Obama Has Failed the World on Climate Change,” blares a Spiegel op-ed by Christian Schwägerl.  The essay is another data point in the growing notion that the new American president’s aura is fading on the other side of the Atlantic.

[F]ew people expected that Barack Obama, of all people, would continue his predecessor’s climate change plan. When he took office at the beginning of 2009, it was clear that the success of the UN Climate Change Summit in Copenhagen in December depended almost entirely on the US — that America needed to take a clear leadership role on a problem that could shake civilization to its very core.

Only if the US manages to reduce its excessive energy consumption, commit itself to mandatory CO2 emission reduction targets and help finance poorer countries’ move away from oil is there still a chance that countries like China and India will do the same and that a dangerous warming of the Earth can be stopped. On the weekend, Obama announced that there would be no agreement on binding rules in Copenhagen. It was the admission of a massive failing — and the prelude to a truly dramatic phase of international climate policy.

Barack Obama cast himself as a “citizen of the world” when he delivered his well-received campaign speech in Berlin in the summer of 2008. But the US president has now betrayed this claim. In his Berlin speech, he was dishonest with Europe. Since then, Obama has neglected the single most important issue for an American president who likes to imagine himself as a world citizen, namely, his country’s addiction to fossil fuels and the risks of unchecked climate change. Health-care reform and other domestic issues were more important to him than global environmental threats. He was either unwilling or unable to convince skeptics in his own ranks and potential defectors from the ranks of the Republicans to support him, for example, by promising alternative investments as a compensation for states with large coal reserves.

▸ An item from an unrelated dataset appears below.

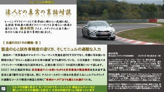 <コミュニティ特典映像>【達人との真実の裏話対談】鈴木利男さん対談…「日産R35GT-R開発-Ⅲ…製造の心と試作車精度の造り方、そしてニュルの過酷な入力で鍛えた"恒久な価値"」
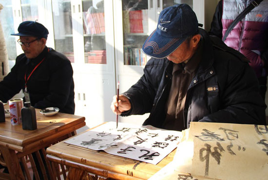 拐儿庄村村民在孔子学堂学习书法

American conservatives are reveling in a bit of Schadenfreude over the bursting of this bubble.

None of this should surprise anyone, however.  Obama faced outsized expectations — largely of his own creation, admittedly — that were simply never going to be realized.  Yes, as Bruce McQuain points out, there is “rampant anti-Americanism” in Europe that wasn’t going to go away simply because the new guy was less confrontational.

More importantly, however, despite shared core values, the United States and its European allies have very different political agendas. As I wrote just over a year ago,

I’m less sanguine than my boss on a rapid improvement in the U.S. relationship with our European allies.  While I agree that a fresh start is helpful given where we are now and that Obama’s temperament is more soothing than Bush’s, I tend to agree with Paul Heutching that, “Obama is an American politician, and he will govern like an American president.”  Likewise, France, Germany, the UK, and the rest of our European cousins will continue to pursue their own agendas.

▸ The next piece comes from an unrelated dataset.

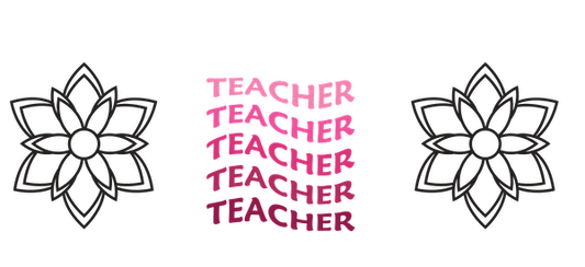 A vibrant design featuring the word "TEACHER" in pink with floral elements on both sides, celebrating educators.UV Transfers heat press transfers

Now, Obama’s personal ideology on climate change and other environmental issues is much closer to that of the European leaders than was his predecessor’s.  But there’s simply no way that Obama is going to swim upstream on this one in the midst of two shooting wars, a global recession, and a major fight to reform the healthcare system. 

Indeed, Bob Manning predicted as much last December in this space.

As for the U.S., though President-Elect Obama displays a good understanding of the climate issue, its urgency and is surrounded by greener-than-thous advisors and has developed ideas to address it, it is difficult to see Congress passing such legislation in the midst of a recession that  is expected to last through 2009 and perhaps beyond.  Just as energy prices have started to drop sharply to $40 a barrel, how to you tell Joe the Plumber that his gas and electric bills will have to be increased by 20 percent to meet climate targets?

Obama is a cautious, pragmatic politician.  This is a fight he can’t win.  He’ll therefore avoid entering the ring.

James Joyner is managing editor of the Atlantic Council.